▶ EXERCISE DETAILS
Begin with the line that contains "Jag vet att" and transcribe each line after it, up to and including the last line of the listing below.

MATERIAL FOR THIS TASK START

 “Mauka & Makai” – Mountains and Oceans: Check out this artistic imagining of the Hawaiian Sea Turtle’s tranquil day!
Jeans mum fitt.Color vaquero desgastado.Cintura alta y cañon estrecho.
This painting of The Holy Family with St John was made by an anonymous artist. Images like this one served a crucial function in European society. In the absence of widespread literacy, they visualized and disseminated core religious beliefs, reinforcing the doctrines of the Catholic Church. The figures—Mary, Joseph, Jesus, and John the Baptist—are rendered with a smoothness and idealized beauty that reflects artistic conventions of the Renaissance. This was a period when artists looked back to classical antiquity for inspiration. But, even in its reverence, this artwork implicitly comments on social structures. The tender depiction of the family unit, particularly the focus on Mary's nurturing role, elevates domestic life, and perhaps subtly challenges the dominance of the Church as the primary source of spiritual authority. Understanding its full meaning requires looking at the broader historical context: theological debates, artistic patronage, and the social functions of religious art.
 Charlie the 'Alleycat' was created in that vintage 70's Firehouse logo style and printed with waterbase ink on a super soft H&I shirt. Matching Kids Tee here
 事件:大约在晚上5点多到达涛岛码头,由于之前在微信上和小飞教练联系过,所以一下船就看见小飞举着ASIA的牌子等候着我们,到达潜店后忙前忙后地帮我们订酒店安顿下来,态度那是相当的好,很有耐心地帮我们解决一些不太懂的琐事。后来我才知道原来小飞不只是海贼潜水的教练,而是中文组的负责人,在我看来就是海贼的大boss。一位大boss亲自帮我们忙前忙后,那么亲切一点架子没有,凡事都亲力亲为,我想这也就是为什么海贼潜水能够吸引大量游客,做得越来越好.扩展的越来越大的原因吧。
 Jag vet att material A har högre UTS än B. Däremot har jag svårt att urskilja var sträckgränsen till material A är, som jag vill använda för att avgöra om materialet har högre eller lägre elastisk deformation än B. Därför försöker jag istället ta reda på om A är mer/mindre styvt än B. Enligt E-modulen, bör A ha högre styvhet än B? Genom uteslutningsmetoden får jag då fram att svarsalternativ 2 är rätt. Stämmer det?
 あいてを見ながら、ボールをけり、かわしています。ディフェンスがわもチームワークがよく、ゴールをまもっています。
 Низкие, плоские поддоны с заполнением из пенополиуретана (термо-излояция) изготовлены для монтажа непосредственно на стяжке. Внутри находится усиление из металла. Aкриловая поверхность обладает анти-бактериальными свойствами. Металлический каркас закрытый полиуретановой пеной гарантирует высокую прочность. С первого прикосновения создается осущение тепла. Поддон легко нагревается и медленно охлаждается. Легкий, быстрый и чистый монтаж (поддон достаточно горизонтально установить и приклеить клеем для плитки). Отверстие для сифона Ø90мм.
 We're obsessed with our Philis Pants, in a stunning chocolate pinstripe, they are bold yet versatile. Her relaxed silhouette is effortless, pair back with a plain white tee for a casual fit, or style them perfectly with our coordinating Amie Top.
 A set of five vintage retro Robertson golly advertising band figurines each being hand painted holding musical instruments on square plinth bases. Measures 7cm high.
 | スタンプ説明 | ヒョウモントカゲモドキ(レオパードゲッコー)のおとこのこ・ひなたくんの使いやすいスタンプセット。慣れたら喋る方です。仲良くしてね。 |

MATERIAL FOR THIS TASK END

▶ REPLY
 Jag vet att material A har högre UTS än B. Däremot har jag svårt att urskilja var sträckgränsen till material A är, som jag vill använda för att avgöra om materialet har högre eller lägre elastisk deformation än B. Därför försöker jag istället ta reda på om A är mer/mindre styvt än B. Enligt E-modulen, bör A ha högre styvhet än B? Genom uteslutningsmetoden får jag då fram att svarsalternativ 2 är rätt. Stämmer det?
 あいてを見ながら、ボールをけり、かわしています。ディフェンスがわもチームワークがよく、ゴールをまもっています。
 Низкие, плоские поддоны с заполнением из пенополиуретана (термо-излояция) изготовлены для монтажа непосредственно на стяжке. Внутри находится усиление из металла. Aкриловая поверхность обладает анти-бактериальными свойствами. Металлический каркас закрытый полиуретановой пеной гарантирует высокую прочность. С первого прикосновения создается осущение тепла. Поддон легко нагревается и медленно охлаждается. Легкий, быстрый и чистый монтаж (поддон достаточно горизонтально установить и приклеить клеем для плитки). Отверстие для сифона Ø90мм.
 We're obsessed with our Philis Pants, in a stunning chocolate pinstripe, they are bold yet versatile. Her relaxed silhouette is effortless, pair back with a plain white tee for a casual fit, or style them perfectly with our coordinating Amie Top.
 A set of five vintage retro Robertson golly advertising band figurines each being hand painted holding musical instruments on square plinth bases. Measures 7cm high.
 | スタンプ説明 | ヒョウモントカゲモドキ(レオパードゲッコー)のおとこのこ・ひなたくんの使いやすいスタンプセット。慣れたら喋る方です。仲良くしてね。 |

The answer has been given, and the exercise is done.